Sterbehilfe: Tötung auf Verlangen künftig straffrei?
- Wolfgang Lenzen
- 07.11.2008
- Als Nichtjurist will ich nicht darüber spekulieren, ob demnächst in der Bundesrepublik Tötung auf Verlangen tatsächlich straffrei bleiben wird. Als Moralphilosoph kann ich lediglich Gründe dafür benennen, warum - zumindest unter bestimmten Umständen - eine Tötung auf Verlangen ethisch unbedenklich ist und somit vom Gesetzgeber straffrei gestellt werden könnte bzw. sollte.

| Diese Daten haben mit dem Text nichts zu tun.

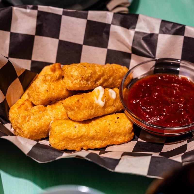 Crispy, golden-breaded mozzarella sticks baked to perfection, served in six pieces with a side of marinara dipping sauce.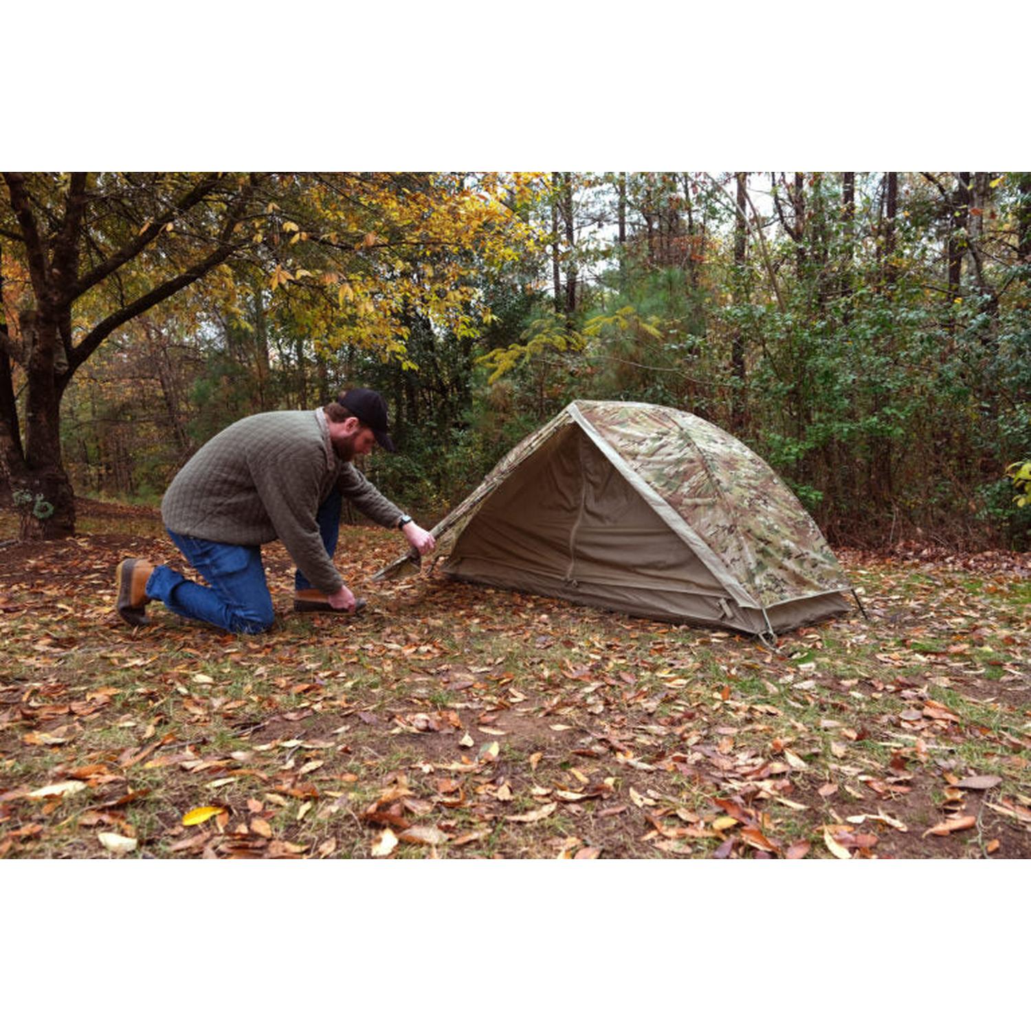 Durable Build: Waterproof groundsheet, ripstop canopy, and MultiCam® rainfly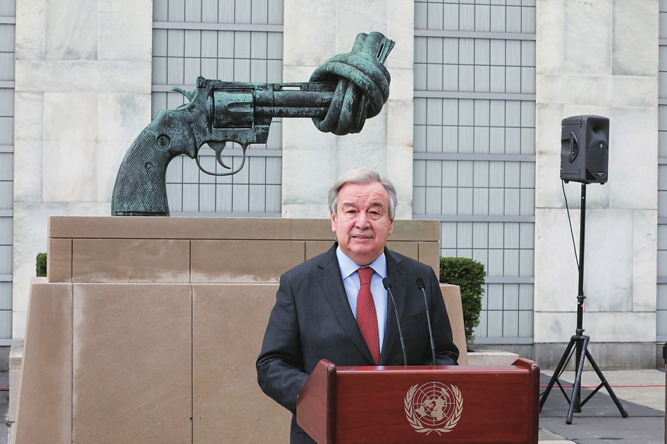 4月19日,联合国秘书长古特雷斯在纽约联合国总部标志性雕塑“打结的手枪”前对记者发表谈话。新华社记者谢锷摄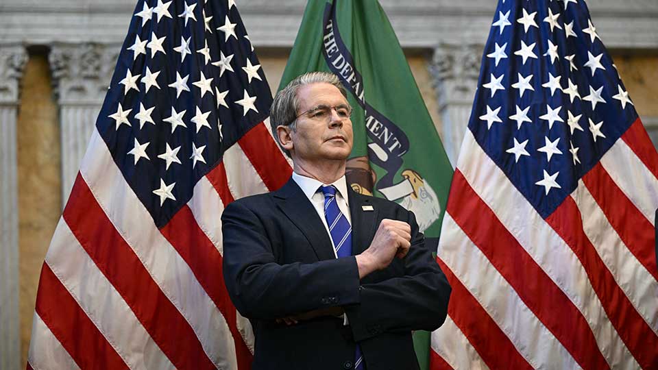 US Treasury Secretary Scott Bessent looks on as US Trade Representative Jamieson Greer (not pictured) delivers remarks on "Game Plan for US Investment" on the sidelines of the IMF/World Bank annual meetings at CNBC Invest in America Forum, in Washington, DC on October 15, 2025. (Photo by Brendan SMIALOWSKI / AFP)

Meine Gründe orientieren sich dabei an dem weitestgehend unkontroversen Moralprinzip "Neminem laedere", dem zufolge eine Handlung immer dann moralisch unbedenklich ist, wenn durch sie keinem anderem ein Schaden zugefügt wird. Übertragen auf die Situation z. B. eines Schwerstkranken, der seinem Leiden am liebsten selber ein Ende bereiten möchte, der hierfür aber die Hilfe eines Angehörigen oder Arztes benötigt, bedeutet dies: Assistierte Sterbehilfe bzw. Tötung auf ausdrücklichen Wunsch des Patienten ist jedenfalls dann moralisch unbedenklich, wenn der Tod für diesen keinen wirklichen Schaden beinhaltet, d. h. wenn das Sterben in seinem wahren Interesse liegt, oder mit noch anderen Worten, wenn "die Schrecknisse des Lebens die Schrecknisse des Todes überwiegen" (Arthur Schopenhauer, "Ueber den Selbstmord"). Natürlich ist es im konkreten Einzelfall alles andere als einfach, mit praktischer Sicherheit in Erfahrung zu bringen, ob das Leiden des Patienten so schlimm ist, dass sein Tod für ihn die bessere Option als das Weiterleben darstellt. Ein erfahrener Arzt sollte aber in der Lage sein zu beurteilen, ob der subjektive Wunsch des Patienten, zu sterben, auch objektiv, d. h. nach bestem medizinischem Wissen, gerechtfertigt ist.